Penilaian tersebut terekam dalam rangka lomba Adipura se-Jawa Barat 2015, dari 25 kota/kabupaten peserta, Kabupaten Bekasi menempati urutan ke 24, atau urutan kedua dari yang paling terkotor yakni Purwakarta. [1]
Tidak jauh berbeda dengan Kotamadya Bekasi yang berada 1 peringkat di atas Kabupaten Bekasi, menjadi kota terkotor ke-3 se-Jawa Barat. [2]

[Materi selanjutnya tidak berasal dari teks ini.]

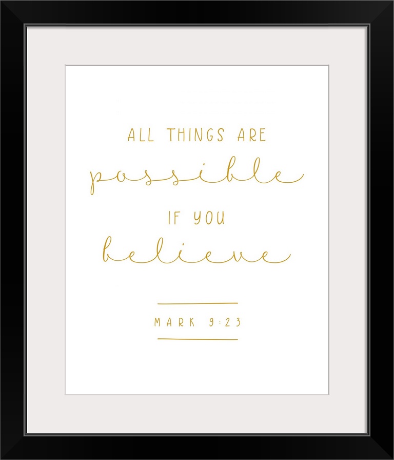 <p>Handlettered Bible verse reading All things are possible if you believe.</p>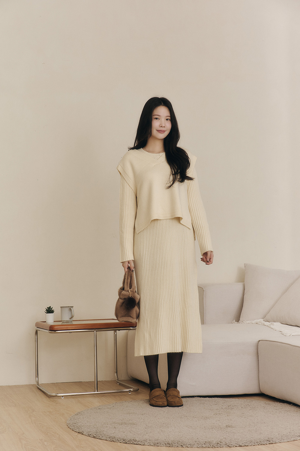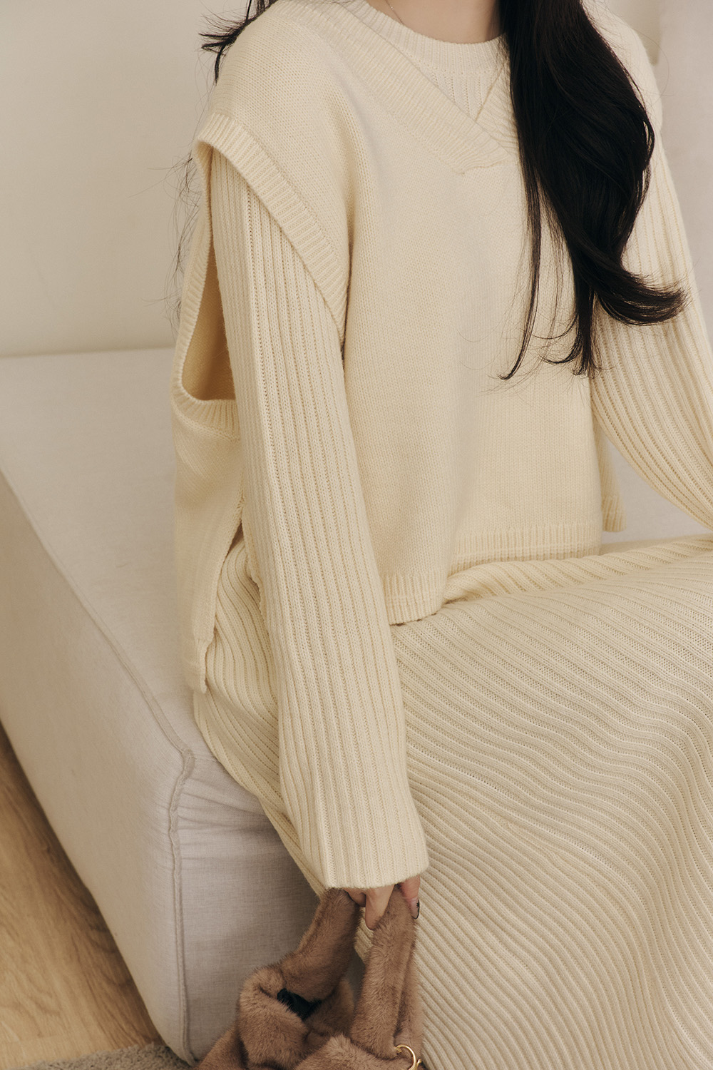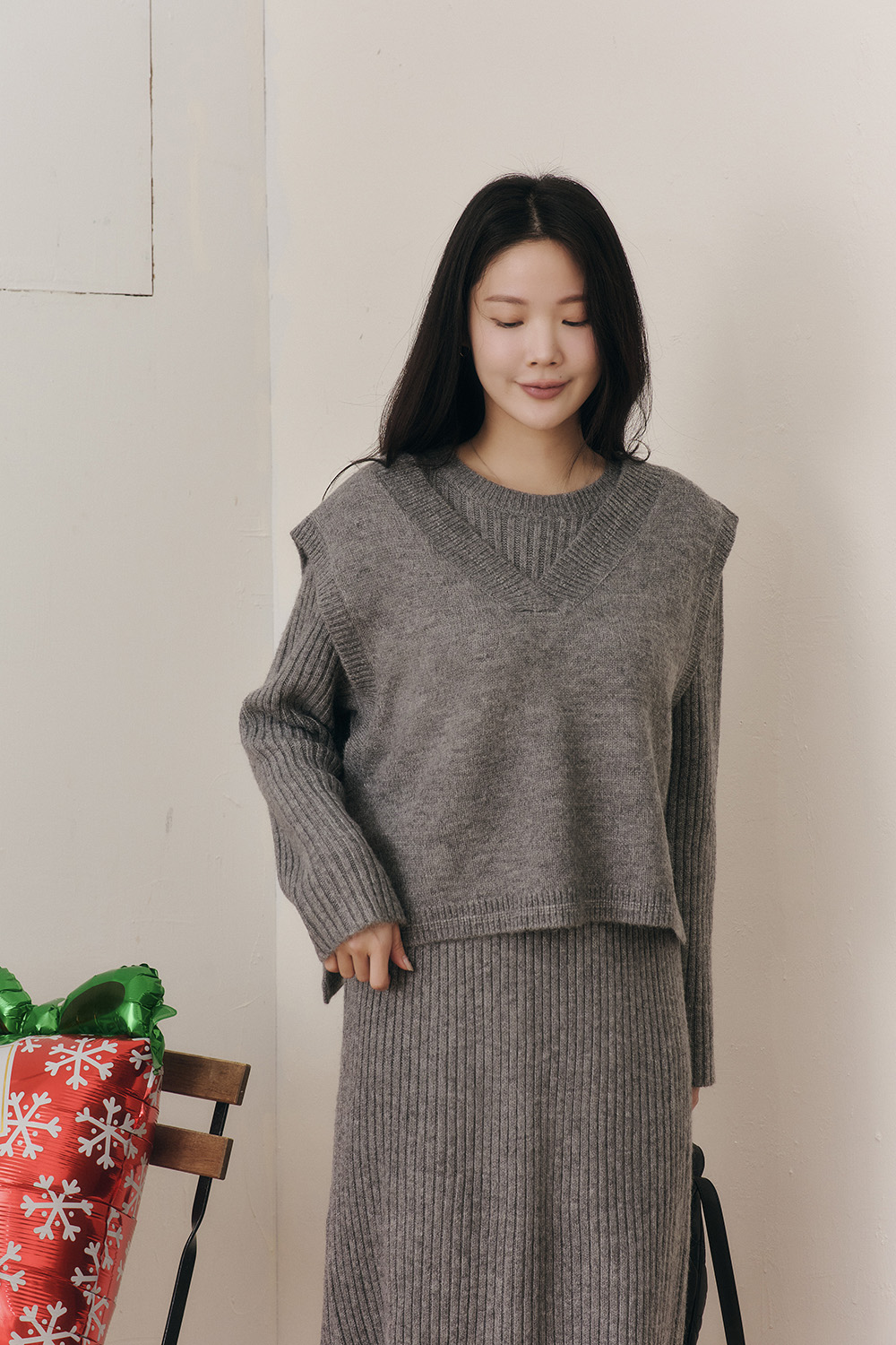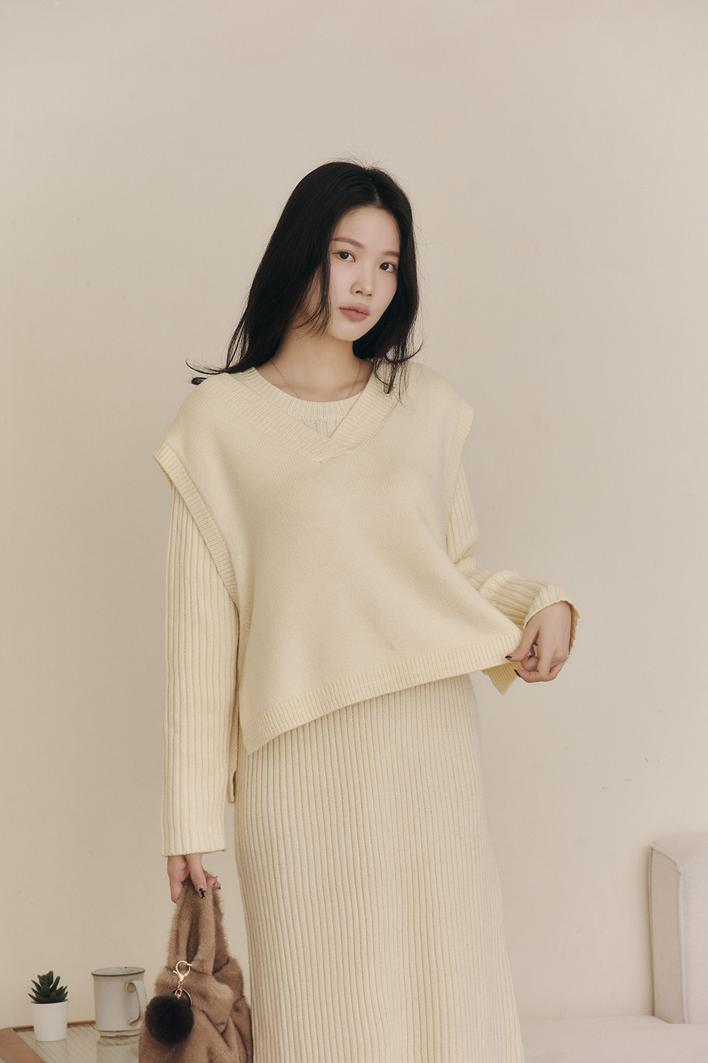 HEALER Made 貝諾松 V領背心坑條針織長洋裝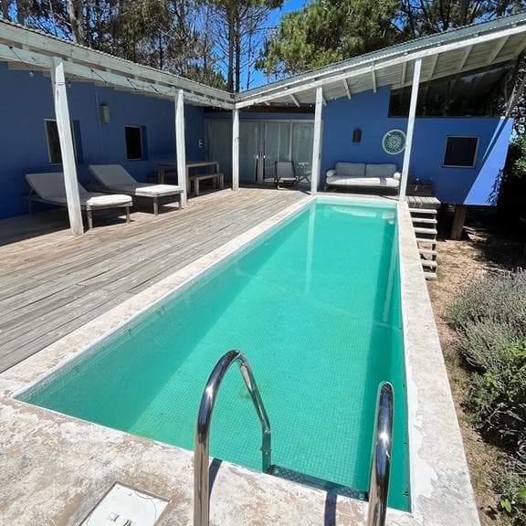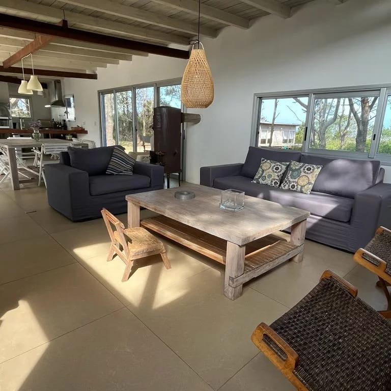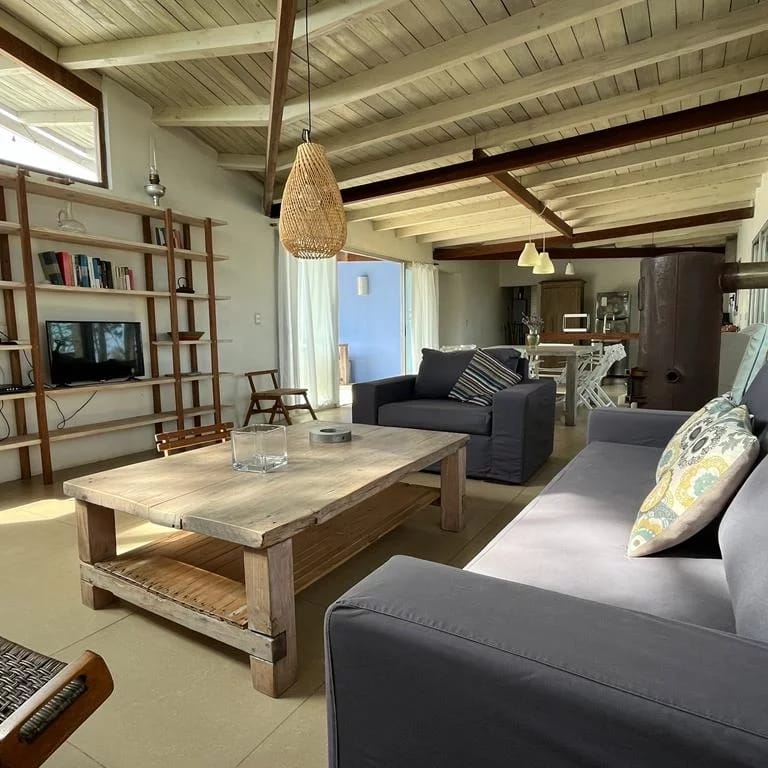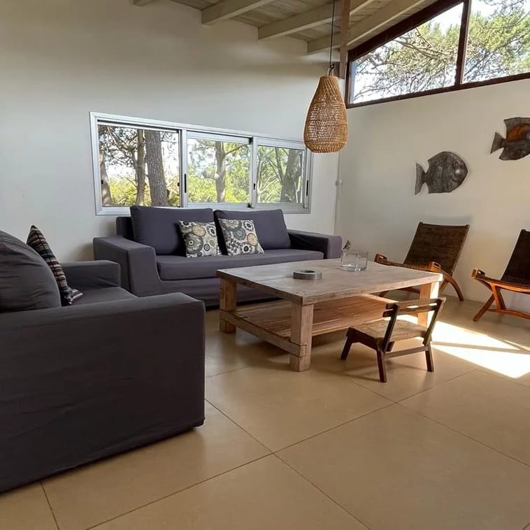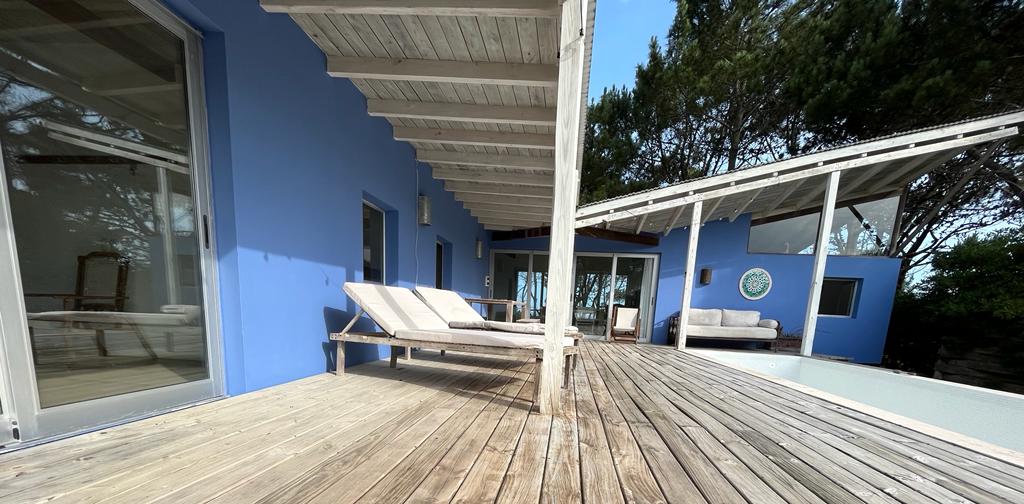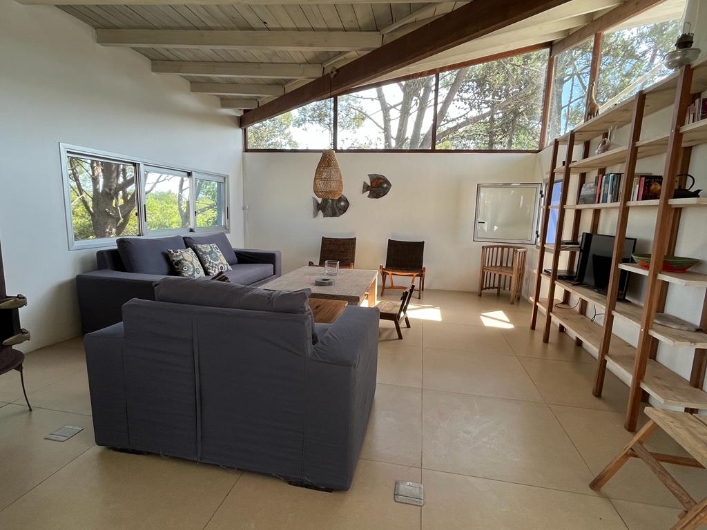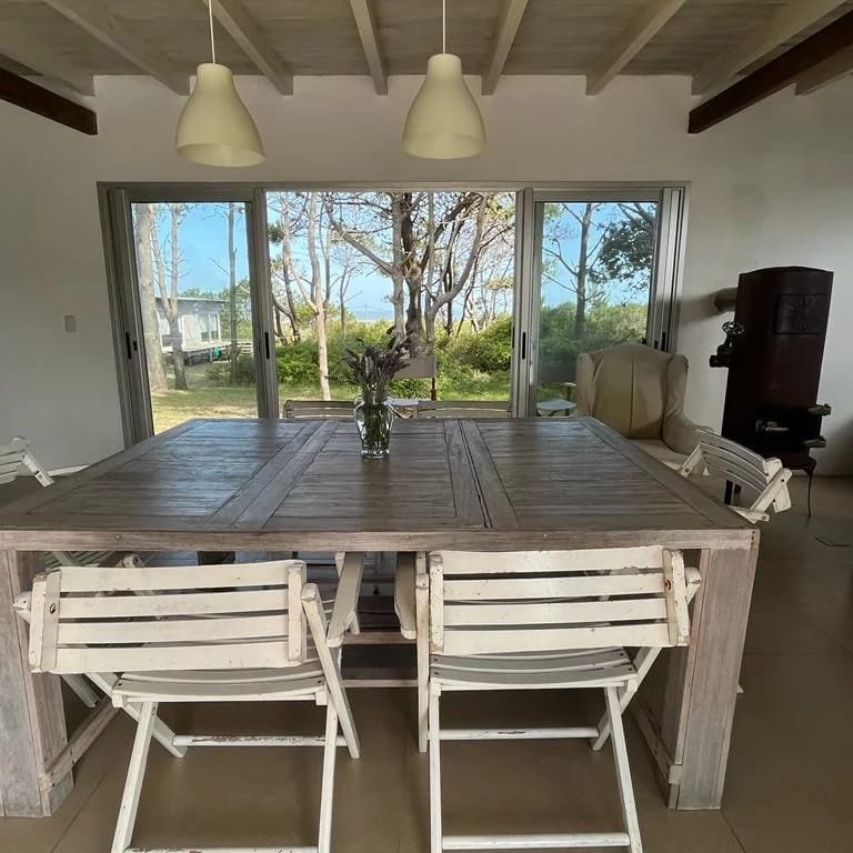 Ubicada entre altos pinos, con vista y a pasos del mar, esta casa de dos plantas ofrece todo lo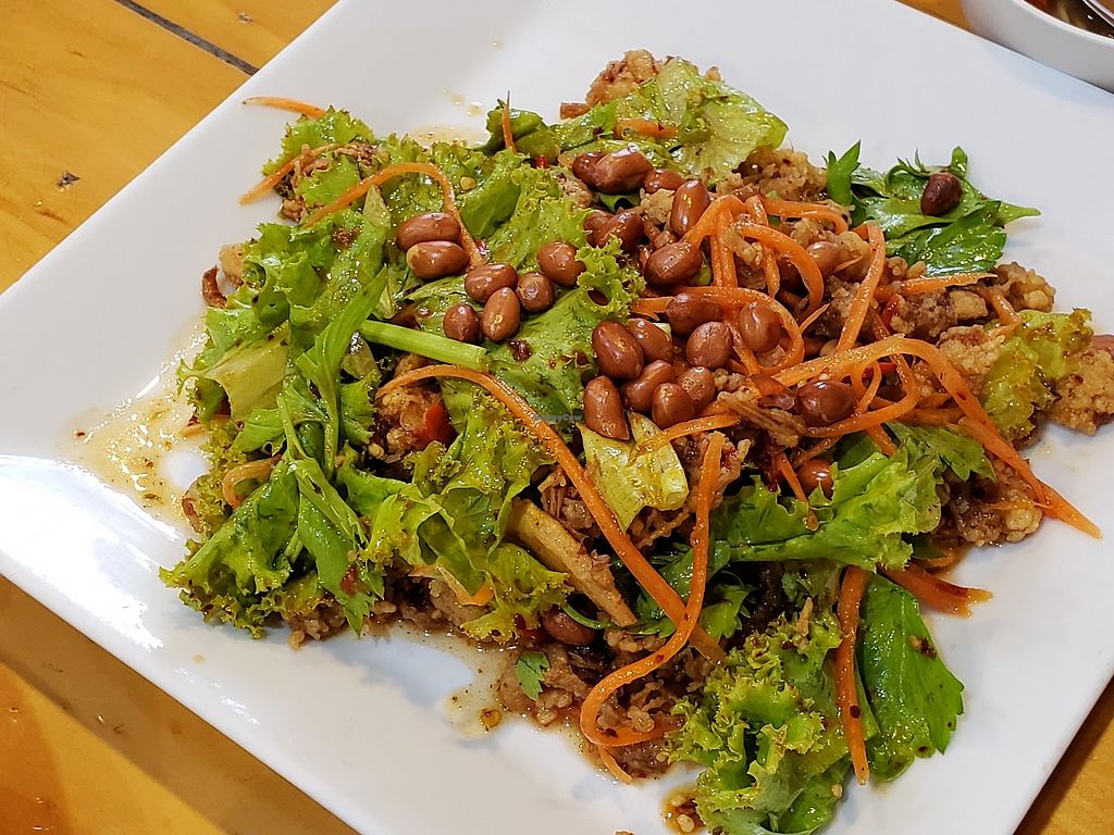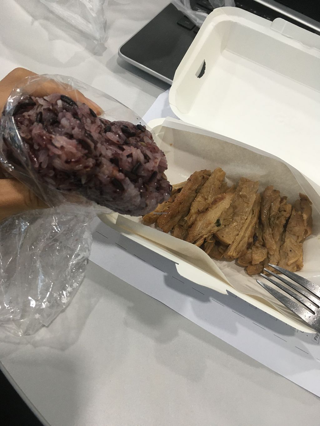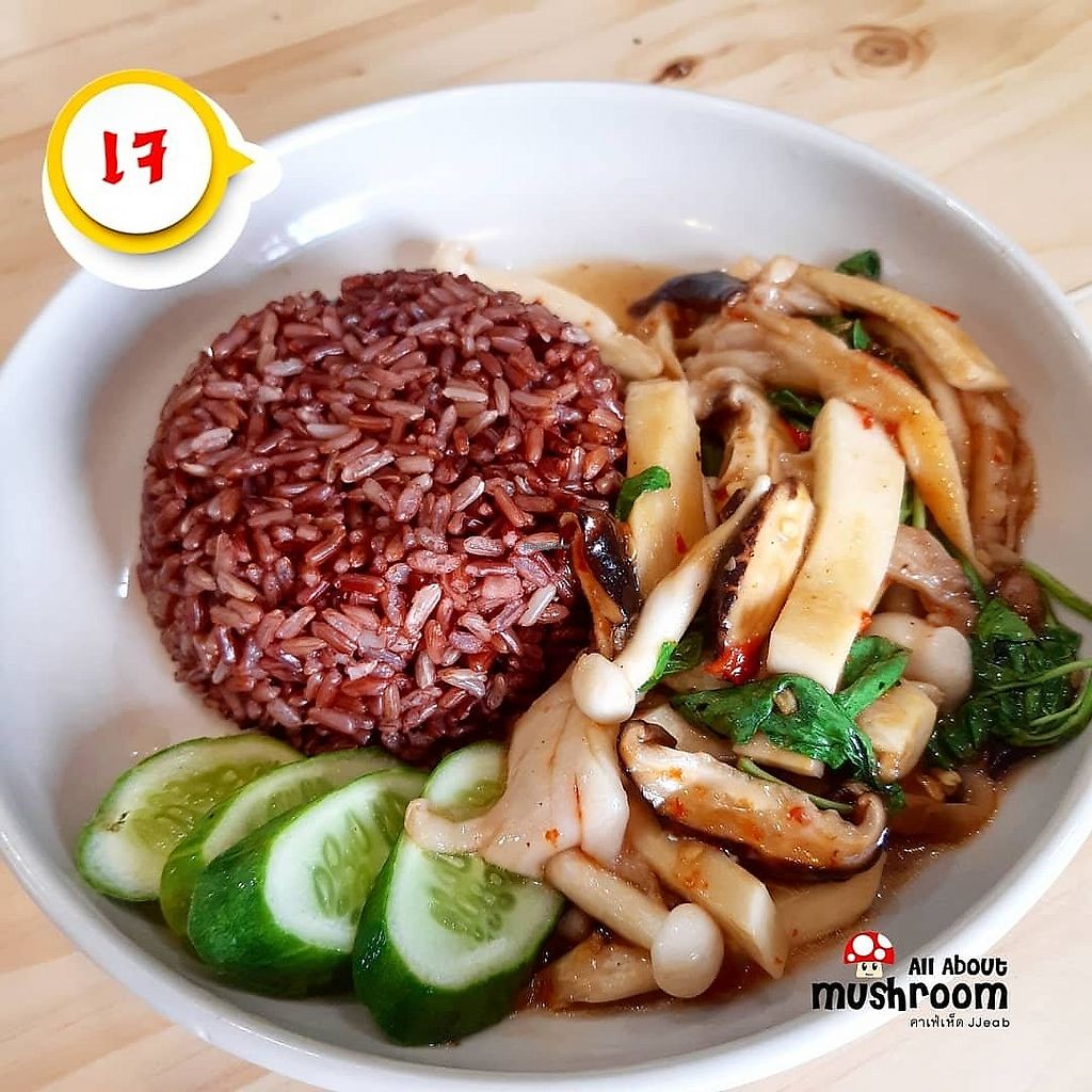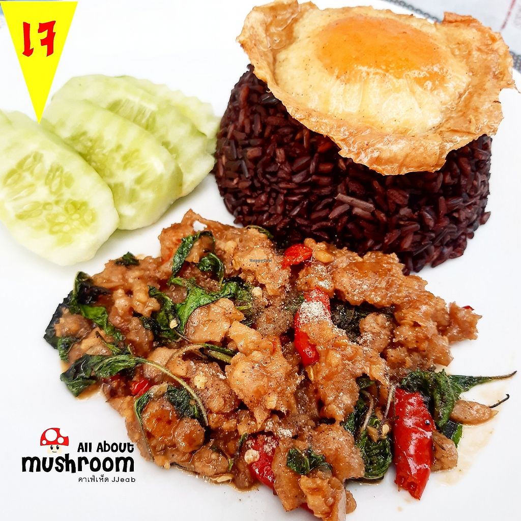 Omni mince stir fried with basil leaves top with vegan fried egg

Mendapatkan "gelar" demikian membuat Pemkot "gerah" dan kemarin (09/06) sekitar 1.200 personel gabungan Satuan Polisi Pamong Praja (Satpol PP) Kota Bekasi, Dinas Tata Kota (Distako) Kota Bekasi, Polresta Bekasi Kota dan TNI, menggusur sekitar 260 bangli di Medan Satria karena dibangun di bantaran aliran irigasi milik Perusahan Umum Jasa Tirta (PJT).[3]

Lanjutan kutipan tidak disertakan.